Task prompt:
The following data has a line with "Husets udeareal byder" and a line with "22 lr target". Write out exactly those lines and all the lines between them.

Input data:
+-------+
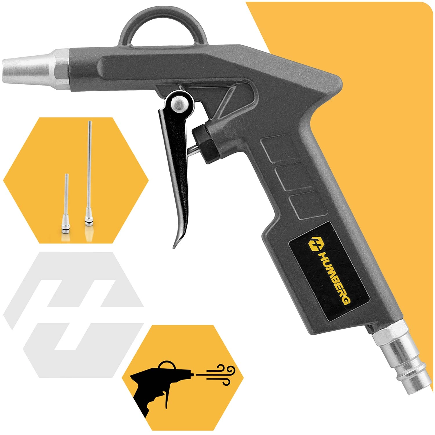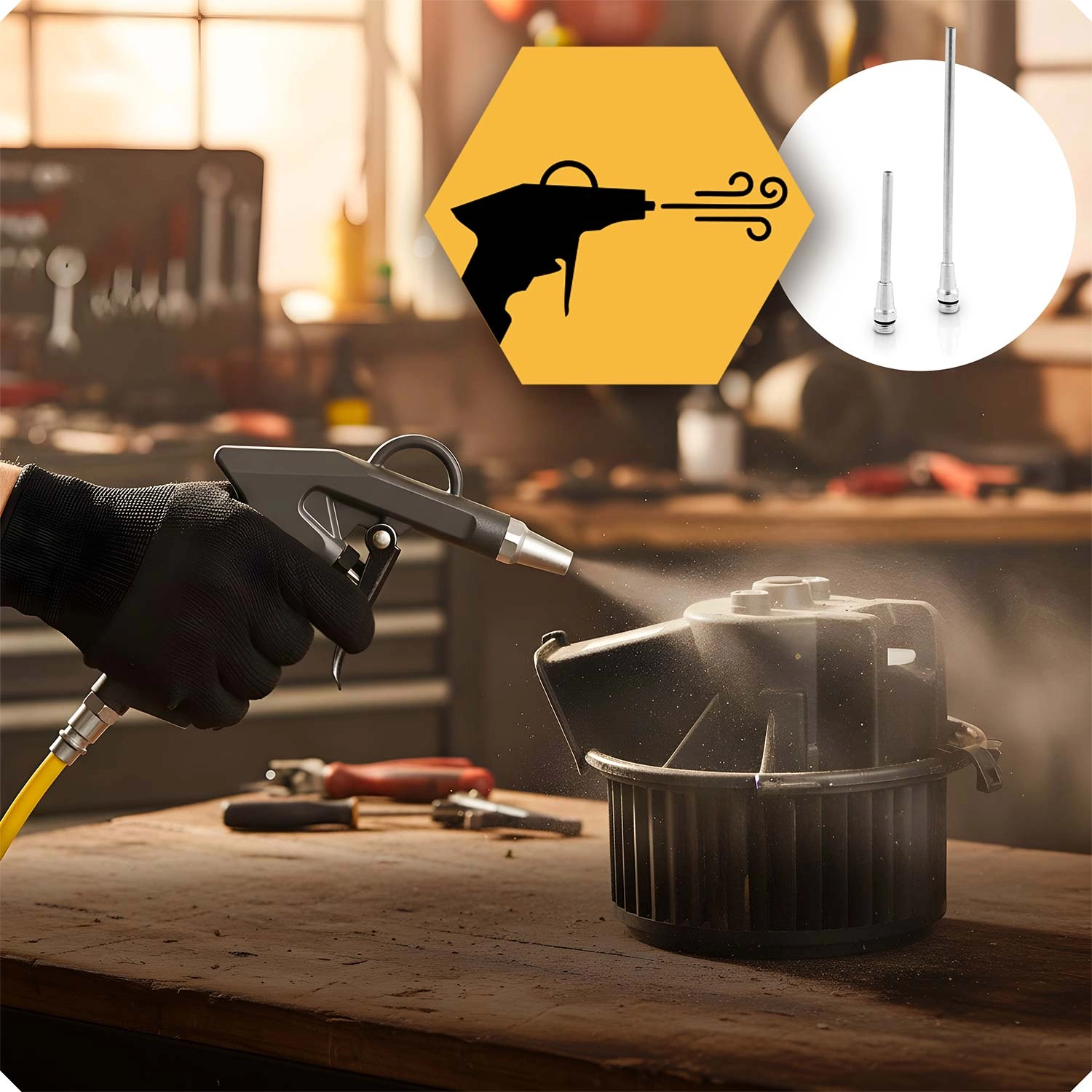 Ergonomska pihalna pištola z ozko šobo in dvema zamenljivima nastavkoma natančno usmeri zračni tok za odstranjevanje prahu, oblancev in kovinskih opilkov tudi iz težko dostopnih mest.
+-------+
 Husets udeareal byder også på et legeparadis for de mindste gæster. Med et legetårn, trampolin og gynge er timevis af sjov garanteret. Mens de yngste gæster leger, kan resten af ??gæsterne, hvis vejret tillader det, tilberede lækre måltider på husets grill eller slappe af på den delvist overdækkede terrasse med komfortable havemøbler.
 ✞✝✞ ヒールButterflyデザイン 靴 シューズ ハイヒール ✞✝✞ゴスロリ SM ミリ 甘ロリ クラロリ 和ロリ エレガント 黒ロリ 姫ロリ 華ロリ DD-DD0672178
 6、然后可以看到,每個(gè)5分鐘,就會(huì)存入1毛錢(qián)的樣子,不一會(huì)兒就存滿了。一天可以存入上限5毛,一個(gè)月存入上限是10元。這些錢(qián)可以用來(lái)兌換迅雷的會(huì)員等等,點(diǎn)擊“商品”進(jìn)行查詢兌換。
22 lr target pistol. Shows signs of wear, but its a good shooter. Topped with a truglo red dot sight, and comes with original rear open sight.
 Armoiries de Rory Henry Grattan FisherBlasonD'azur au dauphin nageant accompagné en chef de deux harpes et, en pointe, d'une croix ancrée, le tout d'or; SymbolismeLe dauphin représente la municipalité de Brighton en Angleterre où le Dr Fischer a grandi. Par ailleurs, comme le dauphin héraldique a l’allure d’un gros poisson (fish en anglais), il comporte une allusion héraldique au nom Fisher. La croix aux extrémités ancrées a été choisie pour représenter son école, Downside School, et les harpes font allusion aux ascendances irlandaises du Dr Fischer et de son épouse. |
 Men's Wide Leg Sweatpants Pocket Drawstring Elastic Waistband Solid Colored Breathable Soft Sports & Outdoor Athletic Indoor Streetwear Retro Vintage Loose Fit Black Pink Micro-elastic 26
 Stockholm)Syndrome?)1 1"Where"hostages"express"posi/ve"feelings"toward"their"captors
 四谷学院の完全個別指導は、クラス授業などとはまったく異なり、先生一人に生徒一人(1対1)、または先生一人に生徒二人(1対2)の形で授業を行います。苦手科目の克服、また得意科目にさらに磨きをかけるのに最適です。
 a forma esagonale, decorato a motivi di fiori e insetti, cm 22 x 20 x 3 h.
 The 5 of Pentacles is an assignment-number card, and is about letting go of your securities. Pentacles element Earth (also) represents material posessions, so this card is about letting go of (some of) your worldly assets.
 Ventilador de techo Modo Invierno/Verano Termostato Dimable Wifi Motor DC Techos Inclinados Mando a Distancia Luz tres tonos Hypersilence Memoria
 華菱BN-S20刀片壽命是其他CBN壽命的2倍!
+-------+
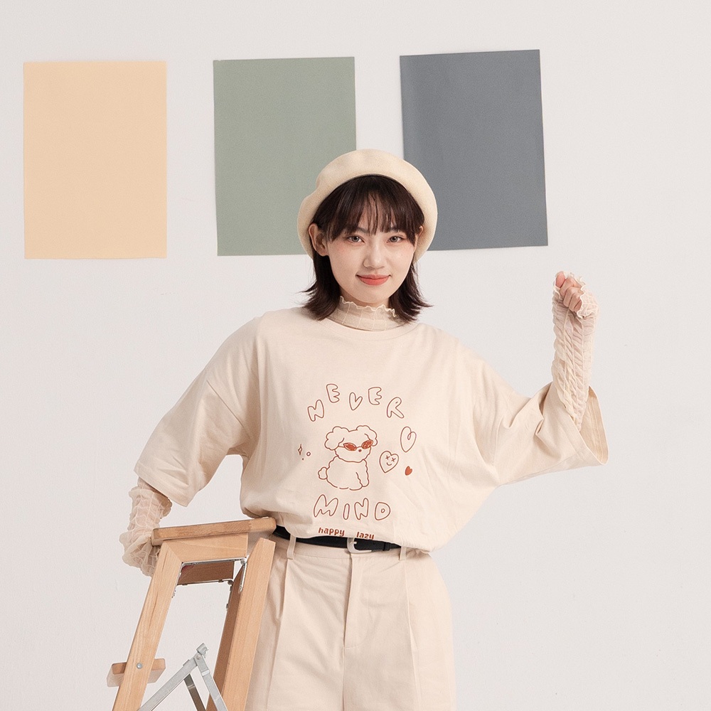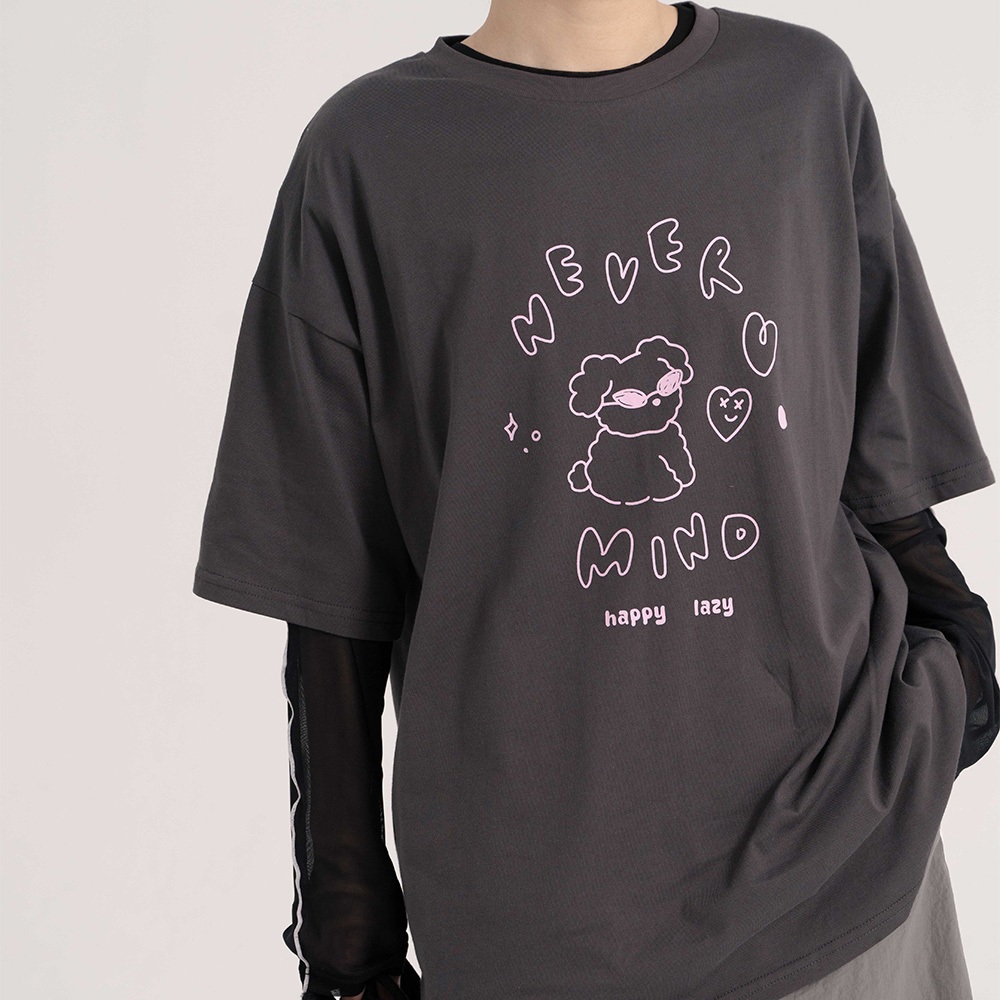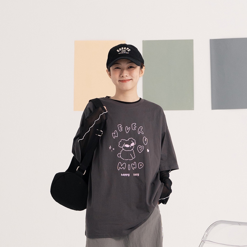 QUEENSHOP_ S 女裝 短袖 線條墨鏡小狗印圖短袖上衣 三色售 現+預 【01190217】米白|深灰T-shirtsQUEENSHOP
+-------+
Task solution:
 Husets udeareal byder også på et legeparadis for de mindste gæster. Med et legetårn, trampolin og gynge er timevis af sjov garanteret. Mens de yngste gæster leger, kan resten af ??gæsterne, hvis vejret tillader det, tilberede lækre måltider på husets grill eller slappe af på den delvist overdækkede terrasse med komfortable havemøbler.
 ✞✝✞ ヒールButterflyデザイン 靴 シューズ ハイヒール ✞✝✞ゴスロリ SM ミリ 甘ロリ クラロリ 和ロリ エレガント 黒ロリ 姫ロリ 華ロリ DD-DD0672178
 6、然后可以看到,每個(gè)5分鐘,就會(huì)存入1毛錢(qián)的樣子,不一會(huì)兒就存滿了。一天可以存入上限5毛,一個(gè)月存入上限是10元。這些錢(qián)可以用來(lái)兌換迅雷的會(huì)員等等,點(diǎn)擊“商品”進(jìn)行查詢兌換。
22 lr target pistol. Shows signs of wear, but its a good shooter. Topped with a truglo red dot sight, and comes with original rear open sight.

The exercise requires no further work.